**Excerpts from a dataset**:
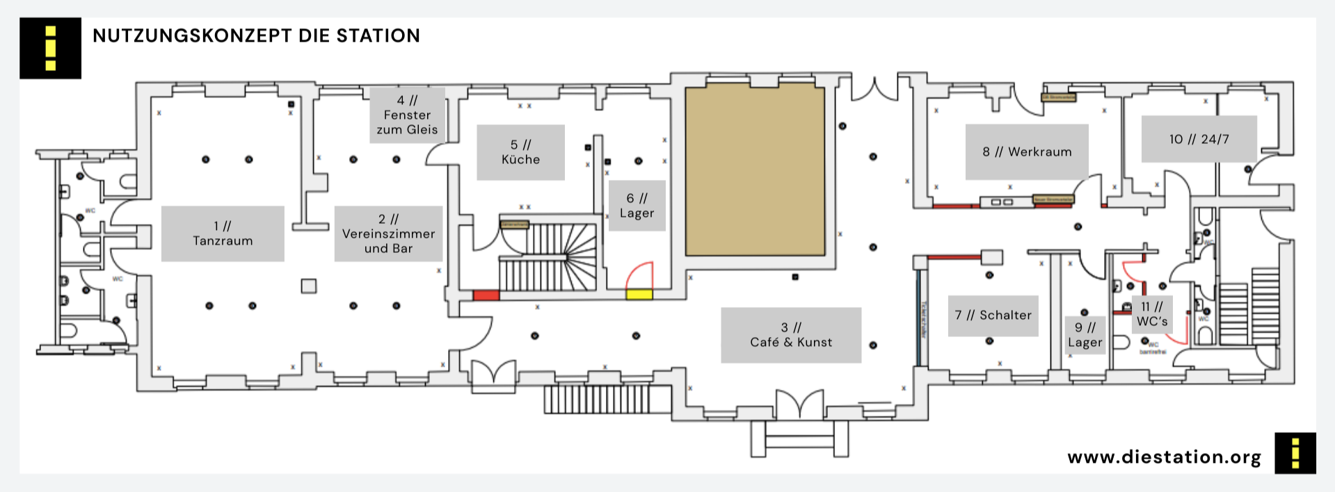 (bisher Bahnhofshalle): Café mit kleinem Gastro-Angebot, Öffnungszeiten vor allem tagsüber, punktuelle Abendveranstaltungen im Kulturbereich wie z.B. Vernissagen, Lesungen, Konzerte oder ähnliches
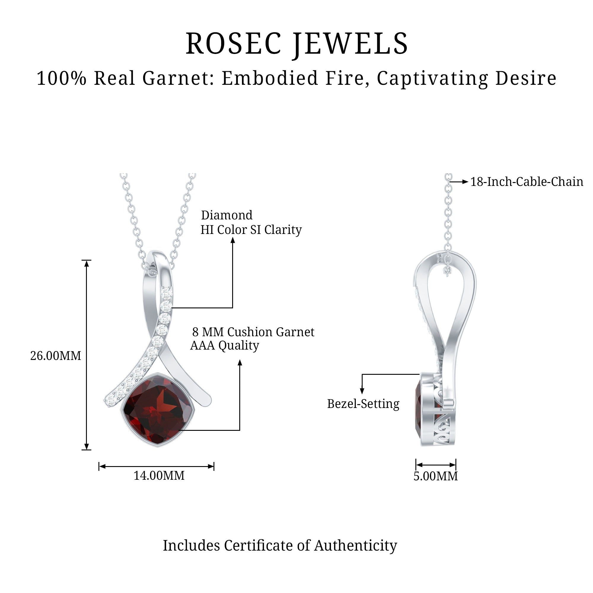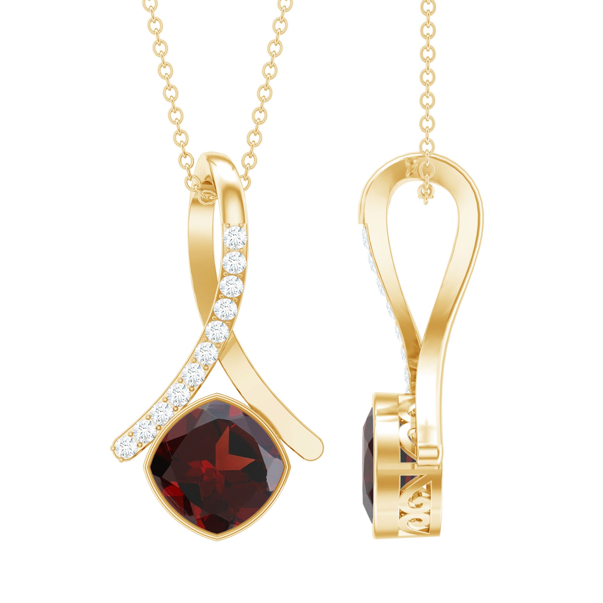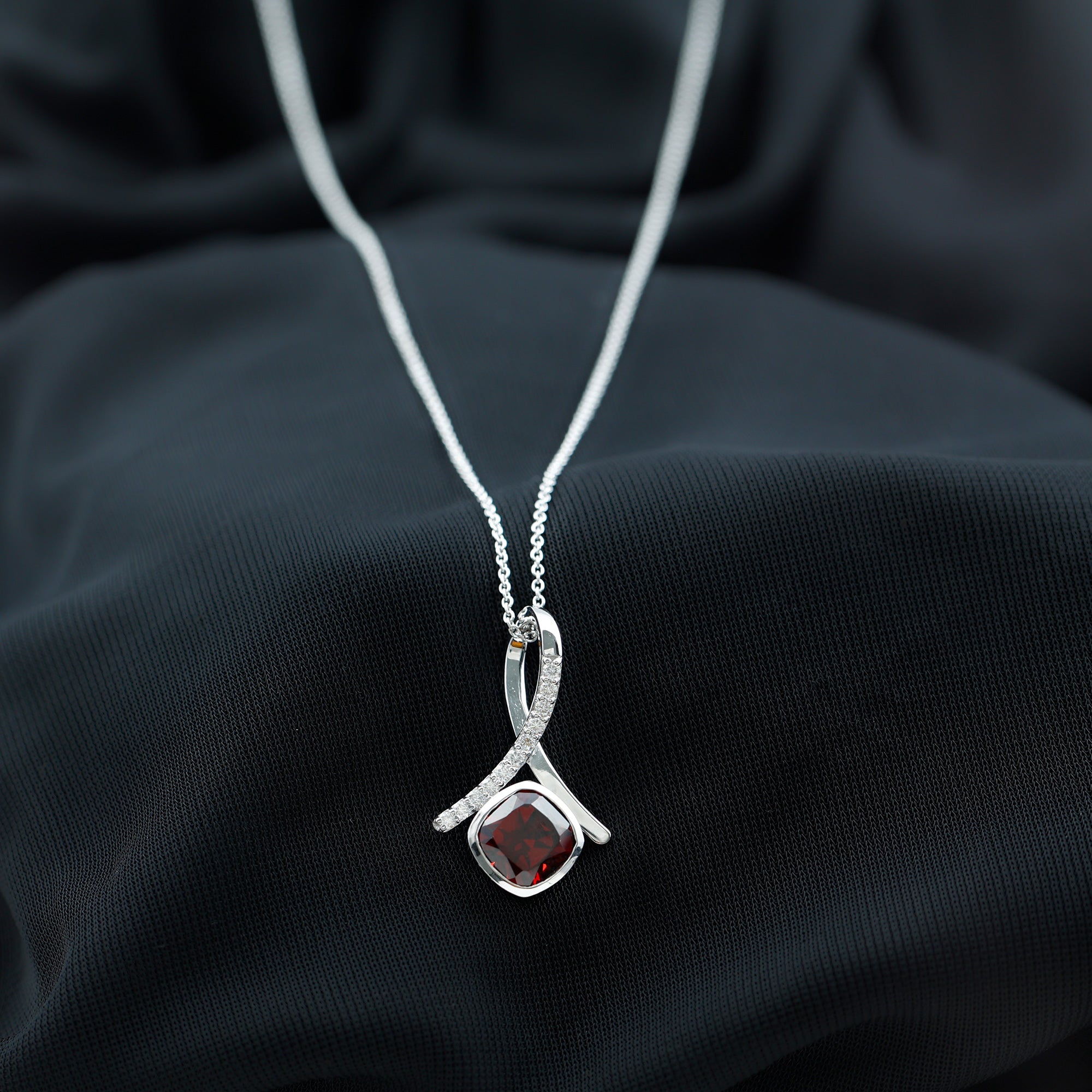 Cushion Cut Garnet Solitaire Pendant with Diamond Twisted Bail
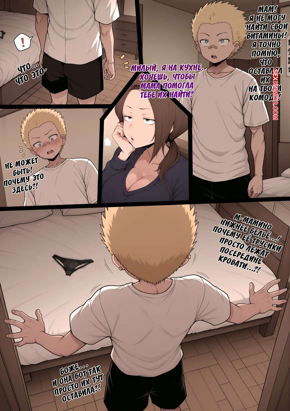 Порно комикс Чернокожий студент по обмену. Мамины трусики. Kokujin no Tenkousei NTR. Terasu Mc Горячая милфа была очень возбуждена и решила повеселиться с темнокожим парнем. Она встала на колени и отсосала его большой хуй, после чего дала выебать свою пизденку.
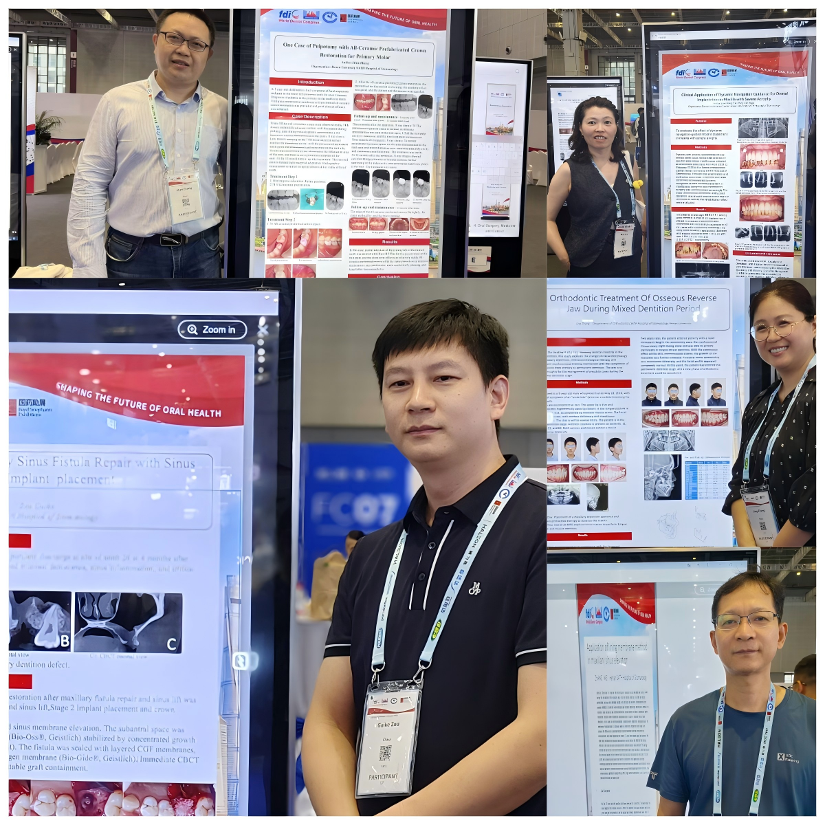 主任医师康娟《Application of Dynamic Navigation In Implantation With Atrophy Maxilla》(动态导航系统在上颌重度骨萎缩种植术中的临床应用)、副主任医师滕海英《Combined Occlusal Therapy For Odontogenic Sinusitis: Case Report》(调𬌗合𬌗垫治疗牙源性上颌窦炎1例)、副主任医师邹桂克《Simultaneous Maxillary Sinus Fistula Repair With Sinus Lift And Implant》(上颌窦瘘修补同期提升植骨种植修复1例)、副主任医师张继伦《Pulpotomy With All-Ceramic Prefabricated Crown Restoration For Primary Molar》(活髓保存联合全瓷预成冠修复治疗乳牙牙髓炎1例)、主治医师张炜《Application Of Lining Membrane Method In Maxillary Sinus Elevation》(衬膜法在上颌窦提升术中的应用)、主治医师张静《Orthodontic Treatment of Osseous Reverse Jaw During Mixed Dentition Period》(骨性反颌正畸矫治病例报告)等6篇做了全英文壁报展示交流。
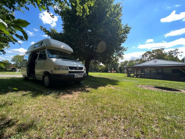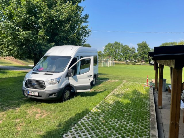 Skvělé místo hned za zdí Kostnice v areálu fotbalového hřiště. Katedrála 3 minuty pěšky, muzeum Lega ještě méně, krásná rozhledna na Kaňku 15 minut. Luxusní splachovací toaleta v areálu šaten místního SK. Plejeří měli zrovna večerní úterní trénink, tak i ukázka místního fotbalu zdarma. V noci krásný klid. Moc děkuji za nocleh.

**Assigned task**: What you return must match the lines above from the one with "Cushion Cut Garnet" through the one with "Порно комикс Чернокожий" exactly, with both ends included and the pictures excluded.

**Task response**:
 Cushion Cut Garnet Solitaire Pendant with Diamond Twisted Bail
 Порно комикс Чернокожий студент по обмену. Мамины трусики. Kokujin no Tenkousei NTR. Terasu Mc Горячая милфа была очень возбуждена и решила повеселиться с темнокожим парнем. Она встала на колени и отсосала его большой хуй, после чего дала выебать свою пизденку.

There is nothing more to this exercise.